Check every line below, and copy those that include "showing".

++++++

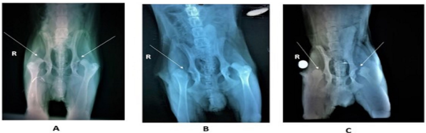
Fig. 4. Hip dysplasia pre and post-operative using osteotome; (A) showing hereditary bilateral hip dysplasia in 6 months male golden retriever dog; (B) showing the postoperative FHO for the right hip; (C) after 3 months post-operative FHO for the left hip.

In the current research, CHD was caused by a combination of hereditary and environmental factors as agreed by Mäki et al. (2002), and Nouh et al. (2014) who stated that CHD is a hereditary malformation that develops during periods of rapid growth. Each of these dysplasias can cause arthritis and/or severely deformed joints, disabling the dog Hip dysplasia has been reported as a quantitative trait occurring in numerous breeds. All cases with CHD in this research don't have a history of trauma that prove that it was a hereditary disease and all cases from different breeds indicate that CHD is not restricted to a certain breed. Slatter (1993) stated that hip luxation mostly occurs craniodorsal that result was in accordance with this study as 2 of 3 hip luxation cases in femoral head position were craniodorsal. Fossum (1997) reported that luxation of the femoral head and lodged in the obturator foramen is usually due to falling trauma, which in accordance with the obtained findings as one of two dogs suffering from hip luxation of the femoral head luxate and lodged in obturator foramen. (Harper, 2017) stated that FHO is a salvage surgical procedure in dogs. Active use of the limb may take over 1 month and rehabilitation times of 6 months or more are common. This result was accepted in this study as all cases after
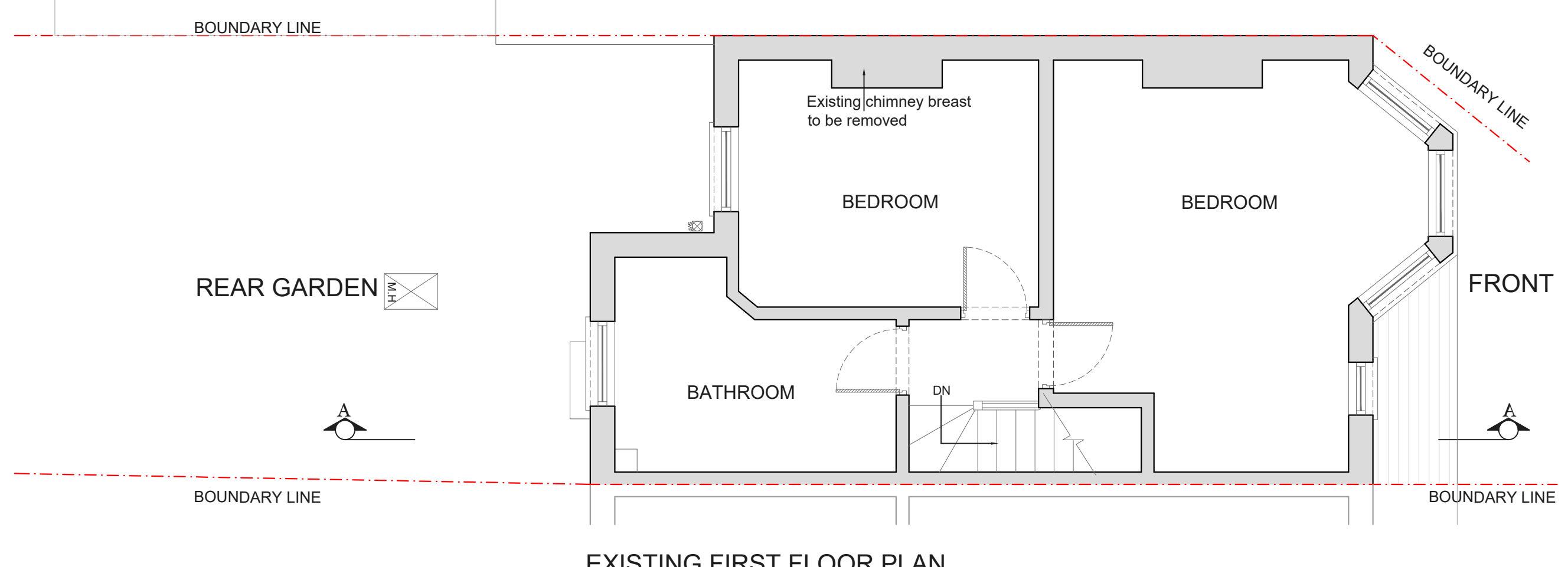
EXISTING FIRST FLOOR PLAN SCALE 1:50
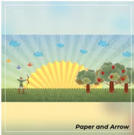
Paper and Arrow

For more, please visit: matheusfernandes.tech/portfolio
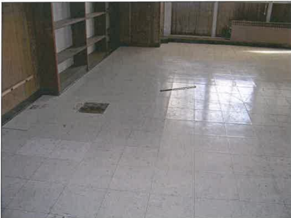
Interior – asbestos flooring and mastic
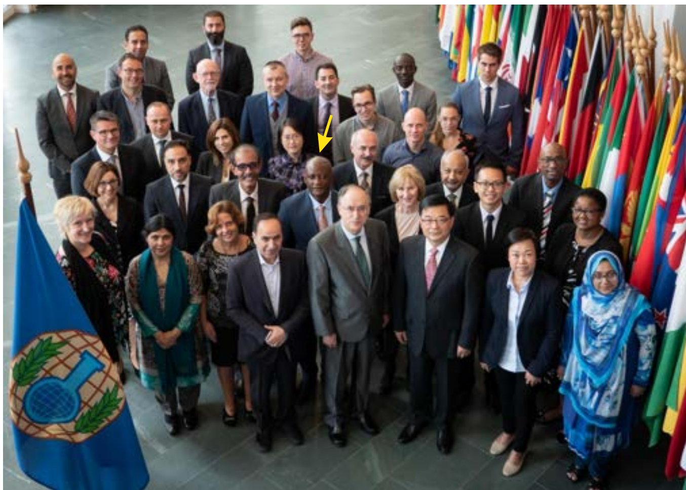
Arrow showing the Registrar/CEO of ICCON at 89th session of OPCW-SAB

The Scientific Advisory Board is comprised of 25 independent experts from OPCW Member States, and advises the OPCW's Director-General on scientific and technological issues relevant to the implementation of the Chemical Weapon Convention.
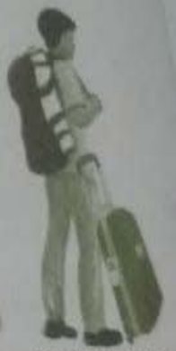
7 July returned to Dehradun
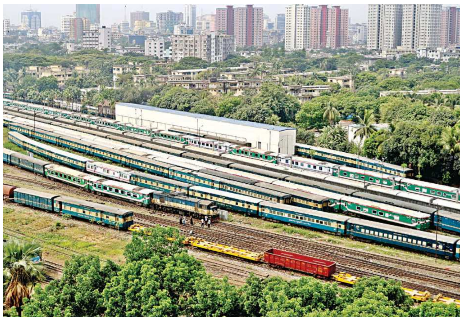
With passenger train services suspended since April 5 amid "lockdown", trains are parked outside Kamalapur Railway Station in the capital yesterday. The suspension will remain in force until April 21.

In the last assembly polls in 2016, out of these SEE PAGE 2 COL 3
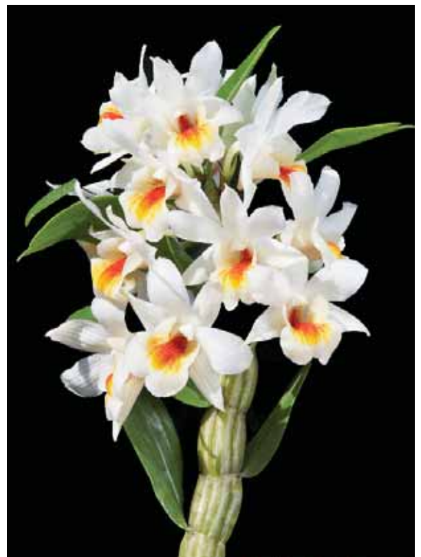
Dend. Dawn Maree x christyanum

Thanks to everybody that took the trouble to enter their photographs and make the afternoon voting so interesting.
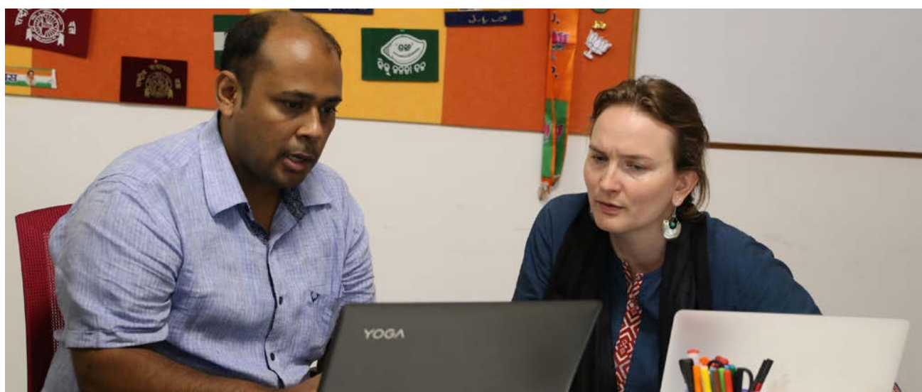
Summer School 2017
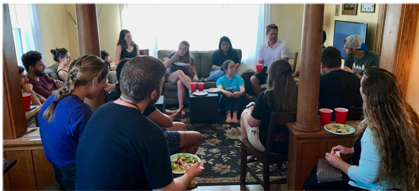
Sharing About Alumni Coaching at Ethnos360 Bible Institute
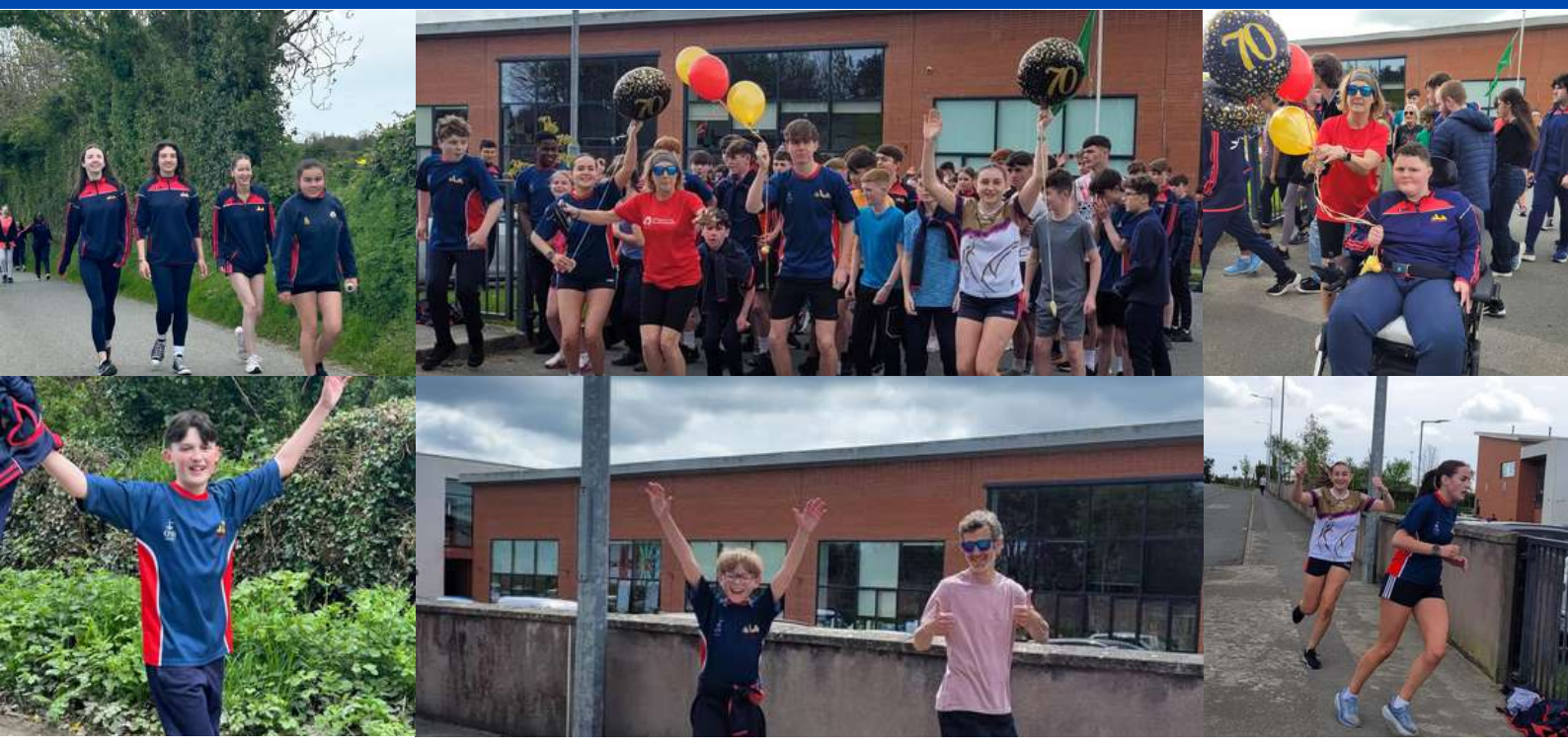
On Friday May 1<sup>st</sup> our students set out to complete a 5km run/ walk to celebrate the schools 70<sup>th</sup> Birthday. Congratulations to all who took part.

++++++

SOLUTION TO THIS EXERCISE -
Fig. 4. Hip dysplasia pre and post-operative using osteotome; (A) showing hereditary bilateral hip dysplasia in 6 months male golden retriever dog; (B) showing the postoperative FHO for the right hip; (C) after 3 months post-operative FHO for the left hip.
Arrow showing the Registrar/CEO of ICCON at 89th session of OPCW-SAB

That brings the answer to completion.